### WORK INSTRUCTIONS
Keep the images out and set the listing below down word for word.

### STORED DATA
━━━━

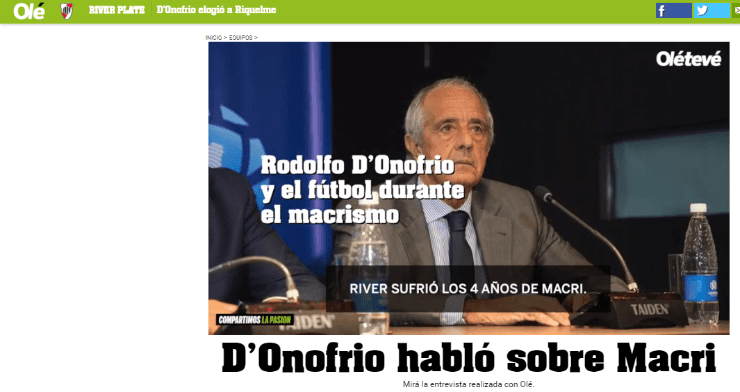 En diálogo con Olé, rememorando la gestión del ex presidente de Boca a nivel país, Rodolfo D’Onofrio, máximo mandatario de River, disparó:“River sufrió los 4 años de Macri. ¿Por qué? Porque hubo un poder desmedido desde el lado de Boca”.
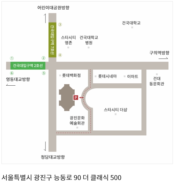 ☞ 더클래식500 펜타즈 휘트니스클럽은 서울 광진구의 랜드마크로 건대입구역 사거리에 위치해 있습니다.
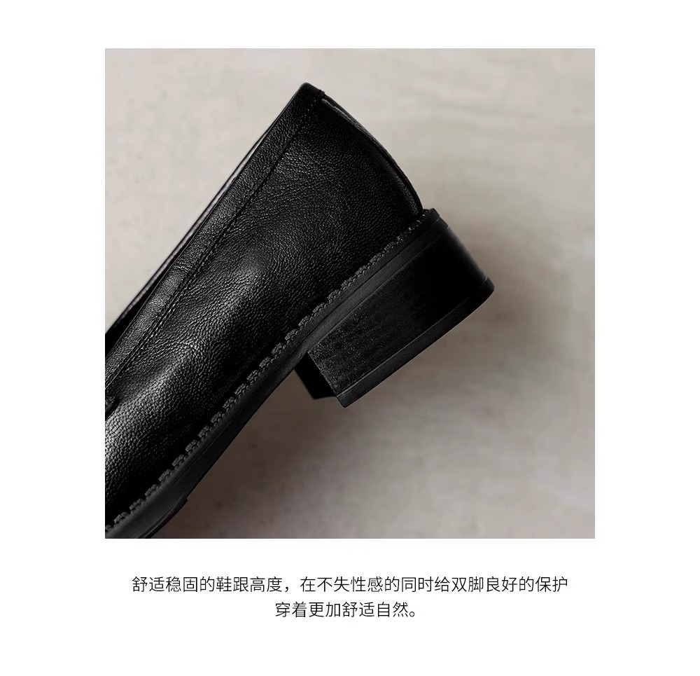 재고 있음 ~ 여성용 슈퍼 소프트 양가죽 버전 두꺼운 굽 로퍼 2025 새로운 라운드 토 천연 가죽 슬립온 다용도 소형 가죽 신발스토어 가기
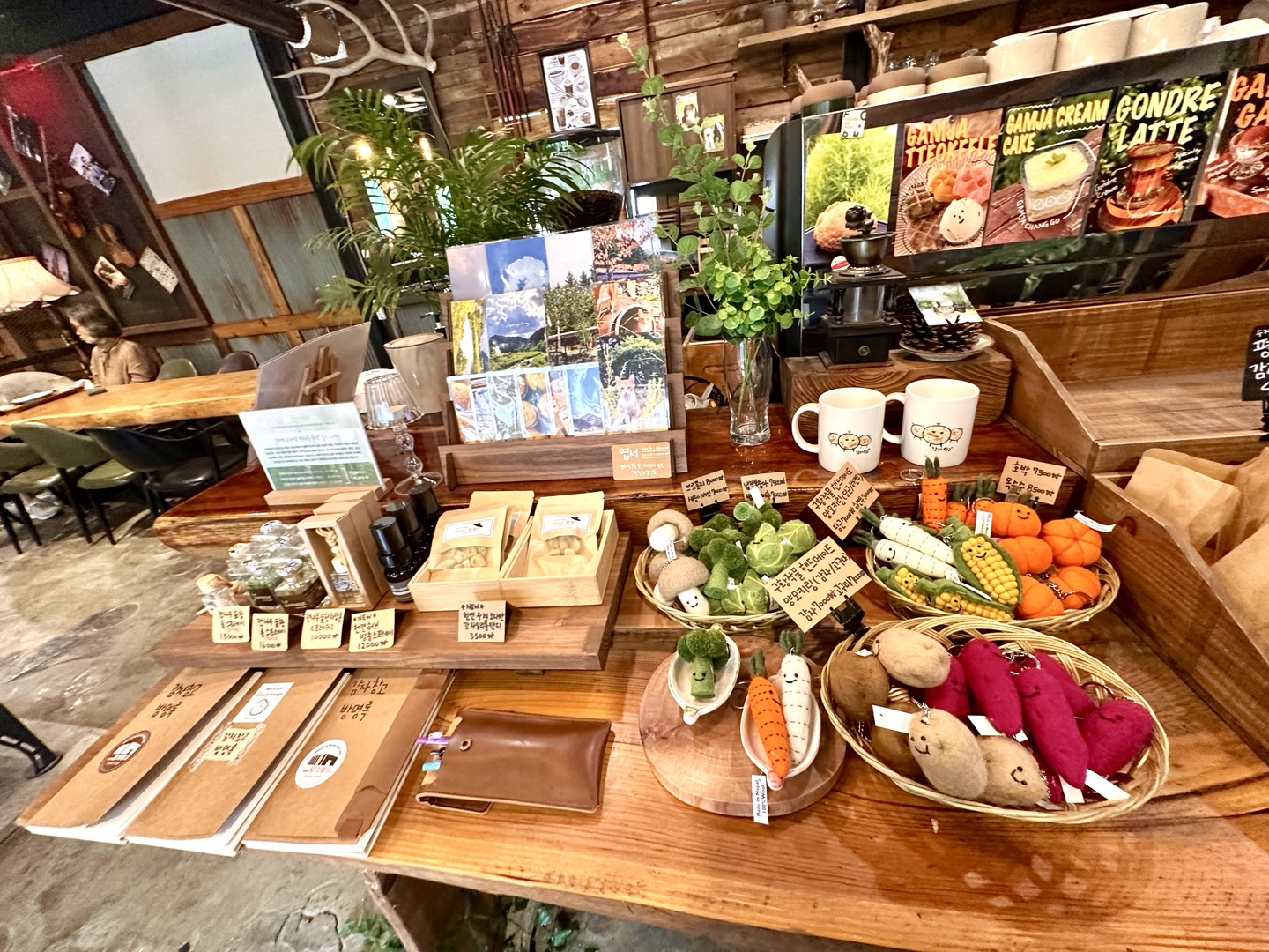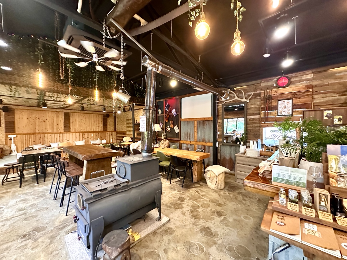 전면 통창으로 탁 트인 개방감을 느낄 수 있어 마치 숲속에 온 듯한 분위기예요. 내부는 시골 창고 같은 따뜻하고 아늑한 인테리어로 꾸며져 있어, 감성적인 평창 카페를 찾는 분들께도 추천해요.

━━━━

### RESULT OF THE EXERCISE
 En diálogo con Olé, rememorando la gestión del ex presidente de Boca a nivel país, Rodolfo D’Onofrio, máximo mandatario de River, disparó:“River sufrió los 4 años de Macri. ¿Por qué? Porque hubo un poder desmedido desde el lado de Boca”.
 ☞ 더클래식500 펜타즈 휘트니스클럽은 서울 광진구의 랜드마크로 건대입구역 사거리에 위치해 있습니다.
 재고 있음 ~ 여성용 슈퍼 소프트 양가죽 버전 두꺼운 굽 로퍼 2025 새로운 라운드 토 천연 가죽 슬립온 다용도 소형 가죽 신발스토어 가기
 전면 통창으로 탁 트인 개방감을 느낄 수 있어 마치 숲속에 온 듯한 분위기예요. 내부는 시골 창고 같은 따뜻하고 아늑한 인테리어로 꾸며져 있어, 감성적인 평창 카페를 찾는 분들께도 추천해요.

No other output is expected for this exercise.